Throw values are the square-root of lux measurements taken at 1m using a light meter. 

*Summary Chart for Turbo mode with 2650mAh NiMH in LxD, or AW Protected 3.7V RCR in P2D*

Note that these are initial output values only - some lights decay faster than others before reaching a "steady-state" regulated value. See the runtime graphs below for more detailed information.






For comparison purposes, here are the results of a "ceiling-bounce" test in a small windowless room, with my light meter on the floor near the base of the light (which is shining upward in candle-mode), in a L2D body on NiMH:

Rebel R80: *5.6 lux*
Rebel R100: *5.8 lux*
Cree P4: *4.9 lux*
Cree Q2: *5.5 lux*
Cree Q5: *7.1 lux*

As you can see the Q5 has a noticeable jump in output compared to the others - in L2D format.
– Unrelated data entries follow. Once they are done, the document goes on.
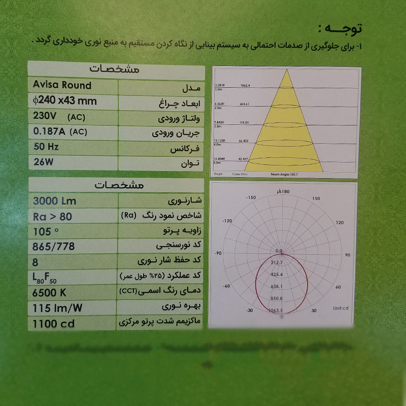 پنل ال ای دی 26 وات پارس شعاع توس مدل آویسا روکار
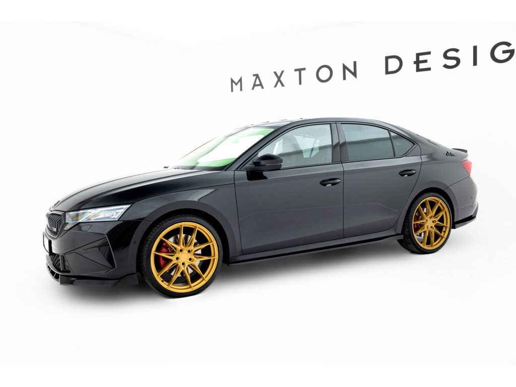 Maxton Design difuzory pod boční prahy s křidélky ver.3 pro vozidlo Škoda Octavia RS Mk4 . Povrchová úprava spoileru černý lesklý plast ABS.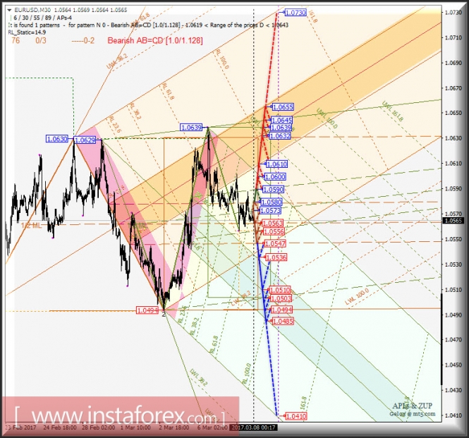 Развитие движения цены инструмента (EUR/USD) в период 08_09 марта 2017 г. будет обусловлено отработкой границ каналов 1/2 Median Line вил операционных масштабов -> SubMinuette (1.0547 <-> 1.0563 <-> 1.0580) и Micro (1.0556 <-> 1.0573 <-> 1.0590).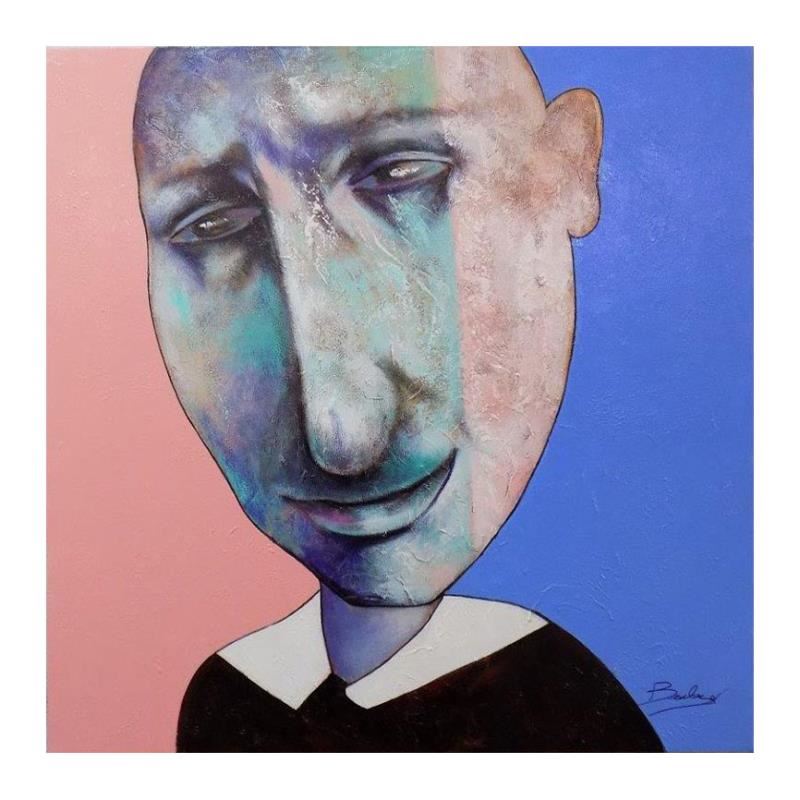 "I'm Drawing A Blank" is an original mixed media painting on canvas from the talented Ara Berberyan. The piece is hand signed and comes with a Certificate of Authenticity. Piece measures approximately 30"x30" (image).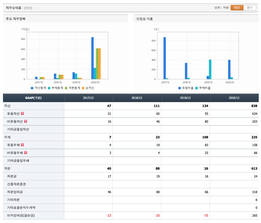 자산은 2017년 47억원, 2018년 111억원, 2019년 134억원, 2020년 838억원으로 증가하였습니다.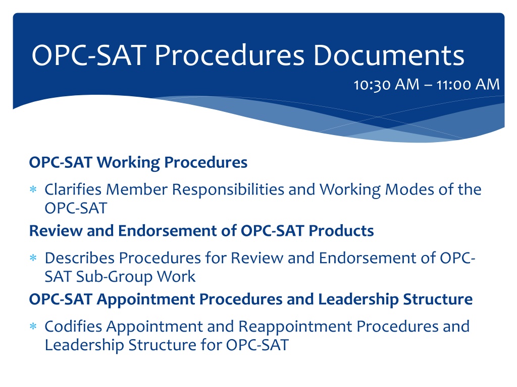OPC-SAT Procedures Documents 10:30 AM 11:00 AM OPC-SAT Working Procedures Clarifies Member Responsibilities and Working Modes of the OPC-SAT Review and Endorsement of OPC-SAT Products Describes Procedures for Review and Endorsement of OPC- SAT Sub-Group Work OPC-SAT Appointment Procedures and Leadership Structure Codifies Appointment and Reappointment Procedures and Leadership Structure for OPC-SAT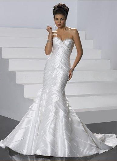 Strapless Beaded Plicate Floor-Length Court Train Mermaid Wedding Dresses |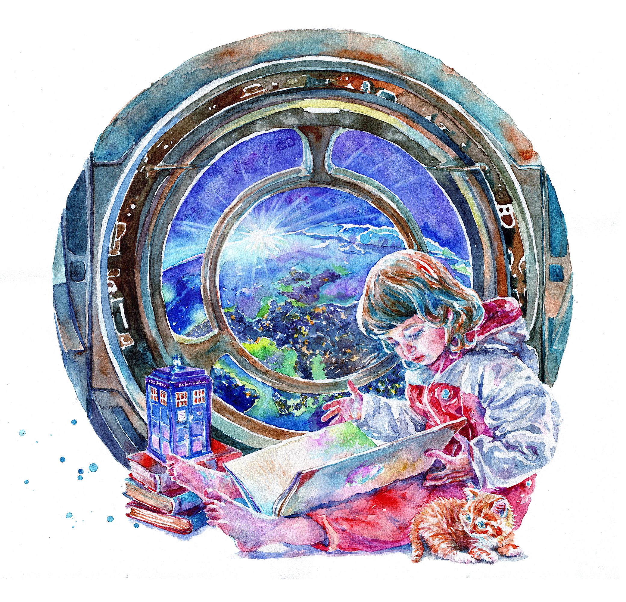 Образ маленькой девочки, путешествующей в одиночку по просторам Вселенной, давно рвался на бумагу и наконец нашел своё воплощение в акварели. Пара-тройка пасхалок тоже присутствуют — рыжий котёнок явно здесь не случайно…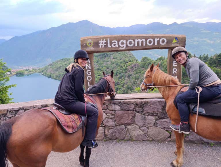 Ed eccoci pronti per la nostra passeggiata a cavallo: cavalcheremo nello scenario naturale del Parco del Lago Moro, lungo un percorso panoramico con vista sul Lago Moro, la Presolana e Schilpario; nelle giornate più limpide è possibile avvistare anche il Lago d'Iseo! La passeggiata sarà arricchita da storie e curiosità del territorio, dalla leggenda del Lago Moro alle incisioni rupestri riconosciute Patrimonio dell'Umanità UNESCO. La guida condurrà il gruppo a cavallo e la passeggiata si svolgerà al passo; la passeggiata a cavallo avrà durata 1 ora circa.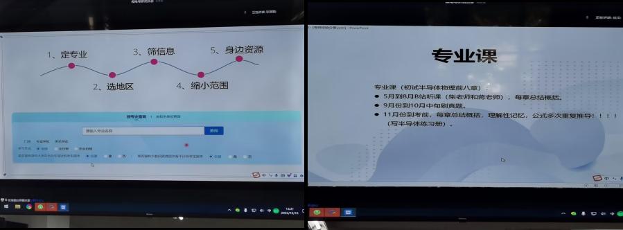 首先是考研经验分享环节。已考取华东师范大学集成电路科学工程,原微电201班杨文锦学长结合自身考研经验从初试和复试两大方面进行阐述。在讲到学科复习时,学长针对各科目分享了亲身经历与个人心得,尤其强调刷题不应盲目,刷近几年的真题更有意义。最后学长还强调了学好英语的必要,建议大家提前开始背诵单词,有助于阅读专业相关的文献并为考研英语打下优良基础;接下来是已考取中国计量大学光电工程,原微电(专升本)221张萧鹏学长进行分享,他从个人情况、院校选择、备考经验三大方面为大家提供了宝贵经验。院校选择方面,学长建议使用研招网来查找感兴趣的学校,合理利用周边资源来选择;备考经验方面,他提供了复习书目、考研范围、复习时间线、良师课程等复习经验。最后,学长强调了数学与专业课的重要性。分享会的最后,两位学长表示考研重在坚持,脚踏实地。

This effect is less pronounced in P2D or L1D format.

*Runtimes:* 

All runtimes done in my lightbox under a cooling fan, with the identified batteries listed below.

Turbo mode in L2D format (2x NiMH Duracell 2650mAh)





Turbo mode in P2D format (1x AW RCR Protected 3.7V 750mAh)





Turbo mode in L1D format (1x NiMH Duracell 2650mAh)





For more detailed runtimes of the L1D in lower modes on alkaline for all heads, please see my  Fenix Rebel vs Cree: L1D/L1T/P2D OUTPUT, RUNTIMES, BEAMSHOTS! thread.

*Conclusion:*

The new Cree Q5 is definitely the output winner in 2AA and 1CR123 formats, although the Rebel models typically have longer runtimes (especially in lower output modes).
On 1AA, the results aren't quite so clear cut, although the same general output/runtime relationship holds. The Q5 has the lowest runtime on 1AA (consistent with the presumably higher Vf of Q5 emitters).
The various heads show roughly equivalent maximum output in 2AA or 1RCR modes. In my sample runs, the Cree models tended to be just slightly brighter on 2AA, whereas and my Rebel R100 was slightly brighter on RCR. This could simply be natural variation in the runs, but it tends to accentuate the difference on the 2AA runtime graph compared to the RCR test. 
The texture OP reflector on the Q2/Q5 Cree versions does help smooth out the rings in the beam, but this effect seems less agressive on my Q5 sample (either the OP is less agressive, or perhaps the emitter is not quite at the same height?).
The Rebel heads give a wider spillbeam than the Cree heads, with no evidence of rings.
Subjectively, the Rebel heads appear to produce better color rendition outdoors at night.
Frankly, I don't see how you'd go wrong with any of these lights! 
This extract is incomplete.